Monday, May 29, 2017

A.H. Reaume on Virginia Woolf

I was 16 and working my way through the ‘English Cannon.’ I hadn’t read nearly enough female novelists, and so when I saw Virginia Woolf on the library shelf – I scooped up two of her books. Later, I stared with confusion at the first page of To the Lighthouse, disappointed. I had to read the first sentence twice before I understood what it was saying.

And that after I’d made a 40 minute trek from my small Windsor, Ontario suburb to the big library in Windsor’s downtown core to find this book. I had even paid $5 for parking – a princely sum for a high school student.

I was having doubts.

Woolf’s sentences were different than anything else. I read them clumsily and wondered if they were beyond me – written for more cultured or advanced readers.

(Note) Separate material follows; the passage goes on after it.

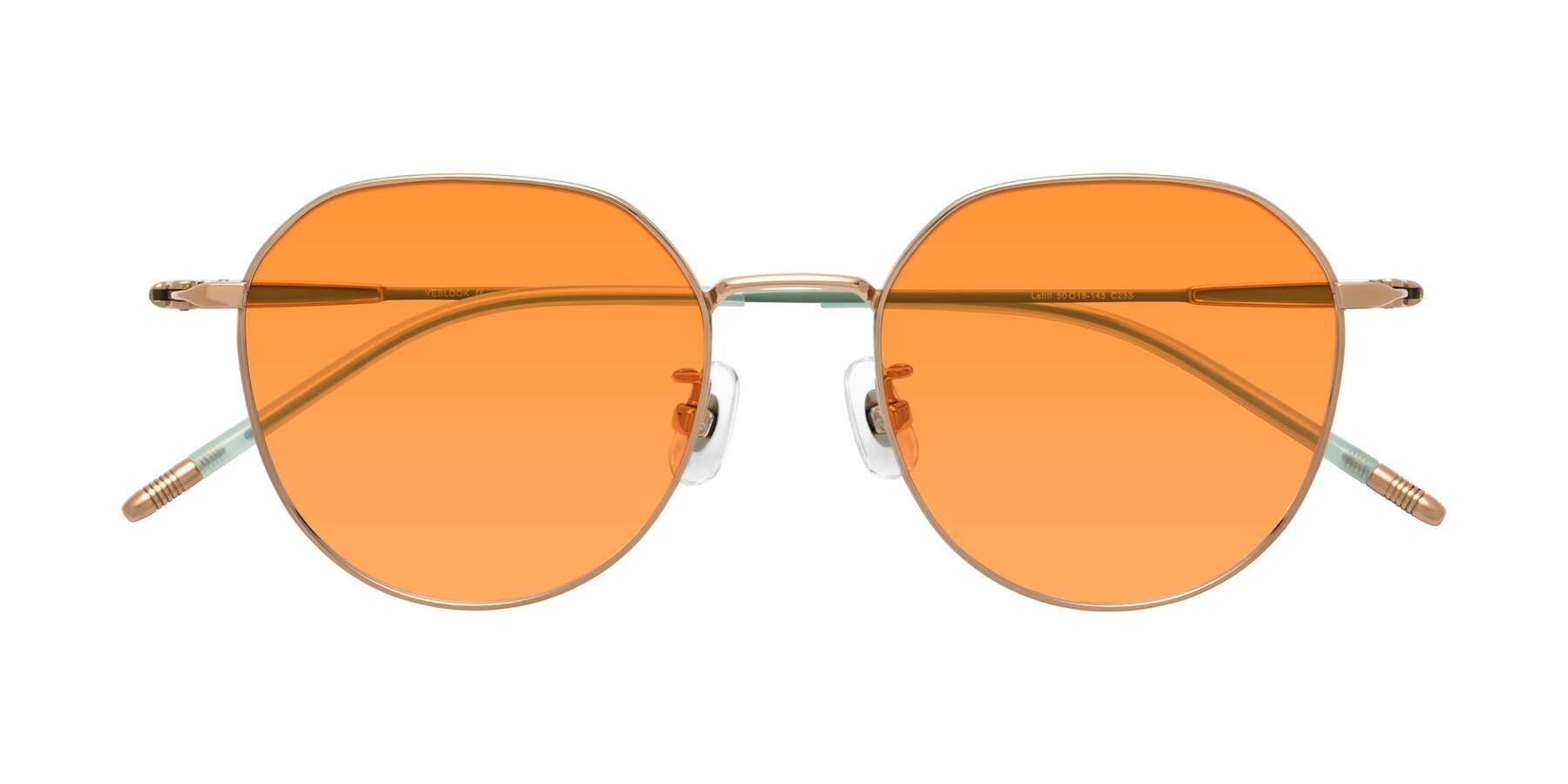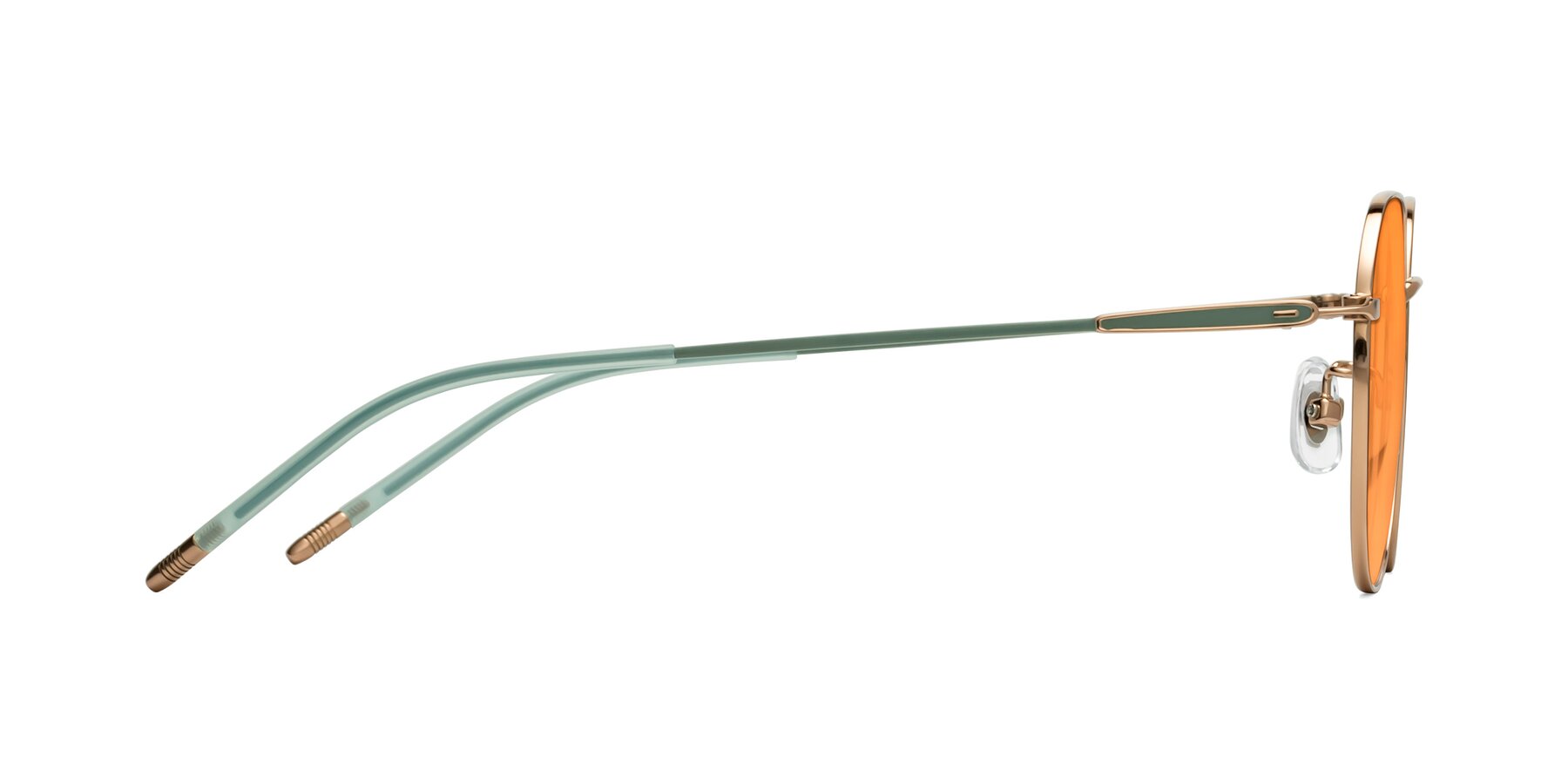 Rose Gold/Teal Titanium Round Geometric Tinted Sunglasses with Orange Sunwear Lenses
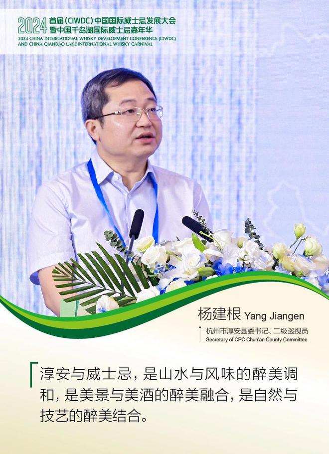 杨建根书记介绍了淳安发展威士忌产业得天独厚的环境优势和资源禀赋。他表示,淳安与威士忌,是山水与风味的醉美调和,是美景与美酒的醉美融合,是自然与技艺的醉美结合。作为地方政府,淳安舍得投入、舍得时间,竭尽全力为威士忌项目提供最优、最好的服务和保障,把最稀缺的资源寄于酒,把最优质的服务用于酒,把最有力的保障倾于酒。淳安将聚焦威士忌赛道,以初心推动环境更优,以真心推动产业更好,以匠心推动形象更佳,擦亮“高品质风味、高端性产品、高定位品牌”的千岛湖威士忌金名片。

But I wasn’t going to give up on the first page. I persisted.

Thank god I did – for that is how the greatest love affair of my life started. As an aspiring writer and feminist who loved books more than boys, I didn’t really fit in my world. No one in my immediate family had ever graduated college and the only person in my life who read was my step-mom whose bookshelves were colonized by Dean Koontz and Stephen King.

Literature was something I had to discover haphazardly. Choosing to read Woolf in the library that day changed my life. Her style of writing was different from anything that I had read before. I identified with Lily Briscoe, the female artist in To the Lighthouse, who struggled trying to complete her masterpiece in the face of the world’s indifference and Mrs. Ramsey’s urgings to get married. I marvelled at Woolf’s ability to get beneath the surface of the typical novelistic scene and get to the heart of what the characters were thinking and feeling. I loved the playful and tragic way the Time Passes section dramatized the war and the changes time brings.

I was hooked.

When friends or acquaintances asked me what I was doing on Friday nights for a few weeks after that, I told them, “I have a date with Virginia.”

I actually uttered those words.

I read Mrs. Dalloway directly after that and then Orlando, The Waves, and A Room of One’s Own. Mrs. Dalloway showed me the energy a writer could distill into a single moment. Orlando demonstrated the beauty of a well-turned phrase and the joy of playing with conventions. The Waves taught me the tragic poetry and repetitions of life.  A Room of One’s Own was a call to arms – it woke me up as a feminist and made me commit to a writing life.

Woolf was a woman who forged her own path. She experimented. She tried things that she wasn’t sure she would be able to pull off. And she did so as a woman.

All of Virginia’s novels opened up my world a little wider. They showed me that there is great beauty in being courageous as an artist, that taking chances is necessary, and that listening to your own artistic voice is what matters. Virginia Woolf gave me the courage to be a writer who is willing to take chances. She gave me the strength to experiment.

But, perhaps most of all, she taught me that women writers can be badasses.

I could be one, too.





A.H. Reaume is a 32 year old writer who swears too much, reads too much, and spends too much time dancing around her apartment. While her neighbors might be annoyed by the noise, she’s too committed to mastering the steps of the Lindy Hop and the Charleston and perfecting her burlesque routine to care. She’s currently completing her first novel – a book about a reclusive female novelist who is dying and trying to figure out what to do with her last unfinished book.